Развод наш сверх всякого ожидания протекал мирно. Лидой вдруг овладела апатия, и вела она себя почти безукоризненно. Тесть после неудачной попытки вмешаться заметно ко мне охладел, но тоже, насколько я понимаю, не желал мне вредить, теща же – неисповедимо сердце женское! – была так дружелюбна со мной, что у нее из-за этого испортились отношения с дочерью. Единственные люди, которых мой развод оскорбил до глубины души, были несколько полковников из нашего ведомства. Они болели душой за самый институт брака, за здоровую советскую семью, за покой заслуженного воина, каковым был мой тесть, и черт их знает за что еще. Они мечтали создать громкое персональное дело и были в ярости от того, что при всем своем изощренном нюхе не могли учуять присутствия "другой женщины". Когда человек бросал жену и уходил к любовнице, это был простой и ясный в своей аморальности поступок, всегда можно угрозами заставить заблудшего вернуться на стезю морали, если же он упорствует, то хотя бы испортить ему медовый месяц и послужной список. То, что я уходил от жены не к кому-то, а вообще и, следовательно, не подходил под обычную аморалку, выводило их из себя и заставляло подозревать самое худшее. Несходство характеров! Тоже повод! Несходство характеров нисколько не мешало им выполнять приказания своих начальников и руководить подчиненными. Особенно неистовствовал некий Бондаренко, ражий детина, судя по морде, выпивоха и бабник, считавшийся у нас высоким специалистом по вопросам морали и быта. В своих докладах, помимо сочинений классиков марксизма, он неизменно ссылался на Анну Каренину и пушкинскую Татьяну. Татьяна служила доказательством того, что от нелюбимого мужа уходить не надо, Анна – что надо. Как-то в театре я видел жену Бондаренко тяжеловесную матрону в синем панбархатном платье – и подозреваю, что в моем случае его больше всего бесило, что он должен жить с немолодой и некрасивой женой, а в это время какой-то Юдин смеет уходить от молодой и красивой. Бондаренко и его компания создали вокруг меня атмосферу такой густоты, что ее уже можно было резать ножом.
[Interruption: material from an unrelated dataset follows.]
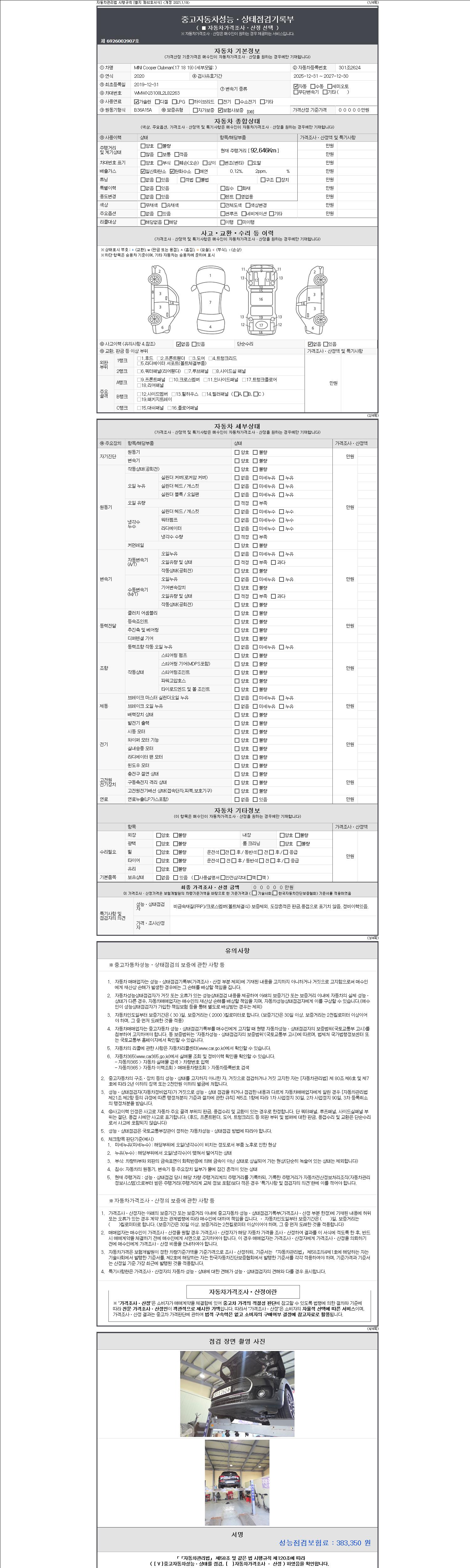자동차관리법 시행규칙 제120조의 규정에 따라 별지 제 82호서식 《중고자동차 성능, 상태점검 기록부》를 발행한 성능, 상태점검자 및 매매자는 아래의 보증기간 또는 보증거리 이내의 중고자동차, 성능점검 기록부에 기재된 내용과 자동차의 실제 성능, 상태가 다른 경우 계약 또는 관계법령에 따라 매수인에 대하여 책임을 집니다.

Мне не очень хотелось говорить с Успенским о своих личных делах, но, как оказалось, Паша был хорошо осведомлен и сам о них заговорил. После одного из обычных совещаний, происходивших у него в кабинете, он задержал меня и, плотно притворивши дверь более для того, чтоб подчеркнуть доверительность разговора, чем по действительной необходимости, сказал:
– Вот что, ваше превосходительство, подавай-ка ты в отставку.
Я прекрасно понял, о чем он говорил, но на всякий случай спросил:
– Сдать лабораторию?
– Не ломайся, – сказал Успенский. – Ты же знаешь, о чем речь. Надо самому отказаться от штанов с лампасами, не дожидаясь, пока их с тебя снимут. Тебе уже за сорок. В наш век всеобщей акселерации для ученого это уже возраст. А наука, как известно, ревнива.
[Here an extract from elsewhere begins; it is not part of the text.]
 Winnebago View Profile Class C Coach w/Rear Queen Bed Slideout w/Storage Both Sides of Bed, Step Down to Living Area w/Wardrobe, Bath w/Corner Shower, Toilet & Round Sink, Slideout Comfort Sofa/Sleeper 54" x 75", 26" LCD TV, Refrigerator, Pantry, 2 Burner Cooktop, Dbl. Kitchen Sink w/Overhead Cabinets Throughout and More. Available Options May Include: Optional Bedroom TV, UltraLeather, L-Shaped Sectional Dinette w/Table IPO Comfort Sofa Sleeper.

За последние годы у науки было, пожалуй, не меньше поводов ревновать Пашу. Он угадал мою мысль мгновенно:
– Ты на двенадцать лет моложе меня. Я уже многоуважаемый шкаф, а ты еще можешь что-то сделать.
Он захохотал, но как-то невесело, сам заметил это и нахмурился:
– Где ты сейчас живешь?
– Там же, где всегда.
– Кому ты врешь? Ты ночуешь в лаборатории на диване. А твои книги отсыревают в институтских подвалах. К слову сказать, твоя Лидочка вполне могла бы убраться к родителям и оставить тебе квартиру. Но ты желаешь быть рыцарем, и я тебя одобряю. Стало быть, надо найти тебе пристанище, где бы ты мог затвориться и работать. Этакую башню из слоновой кости. Кстати, откуда взялось это выражение?
– Не помню.
– Скажи лучше – не знаю.
Он позвонил. Вошла Ольга. Как всегда собранная, неулыбающаяся, идеальный секретарь. Когда она такая чужая, я особенно ощущаю ее привлекательность.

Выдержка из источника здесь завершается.